Streaming service Plex recently alerted its users to a security incident in which an unauthorized party accessed a limited portion of user data. The compromised information included email addresses, usernames, and securely hashed passwords. Plex assures users that no credit card or payment information was affected.
What You Should Do
Even though the passwords were hashed and not directly readable, Plex strongly recommends that all users reset their passwords immediately.

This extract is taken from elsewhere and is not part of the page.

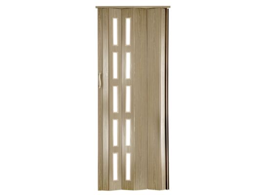 drzwi harmonijkowe z wysokiej jakości materiału PVC, panele pełne, komorowe, półmatowe o strukturze drewna, połączone elastycznymi, mocnymi zawiasami, matowe przepuszczające światło szybki, możliwość rozbudowy o panele pełne lub z szybkami, możliwość skracania drzwi do wysokości szybek (8 cm), posiadają wygodny uchwyt do zamykania, zamek zatrzaskowy z dwoma magnesami, w komplecie pełny zestaw montażowy wraz z instrukcją, kierunek otwierania uniwersalny

Enabling two-factor authentication (2FA) is also advised to add an extra layer of security to your account.
How to Reset Your Password
- Open a private or incognito browser window.

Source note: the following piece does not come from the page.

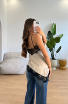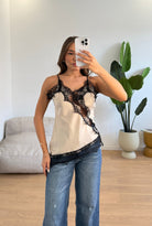 Canotta da donna over effetto raso con definitore in ricamo e veste bene fino ad una M/L

- Visit the Plex password reset page.
- Enter the email address associated with your account and confirm.
- Follow the link in the email to create a new, strong password.
- Optionally, select “Sign out of all connected devices” to ensure your account is fully secured.
How to Enable Two-Factor Authentication
- Log in to your Plex account.
- Go to your account settings.
- Select “Two-Factor Authentication” and click “Enable.”
- Follow the instructions to set up an authentication app such as Google Authenticator or Authy.
Stay Alert for Phishing
With usernames and email addresses exposed, phishing attempts may increase. Plex will never ask for passwords or payment details via email. Be cautious and do not share sensitive information through unsecured channels.
Why This Matters
While Plex acted quickly to contain the breach, the responsibility now also lies with users to protect their accounts. Resetting your password and enabling 2FA are simple but crucial steps to keep your Plex account safe.
For further guidance, Plex provides detailed instructions and support through its official channels.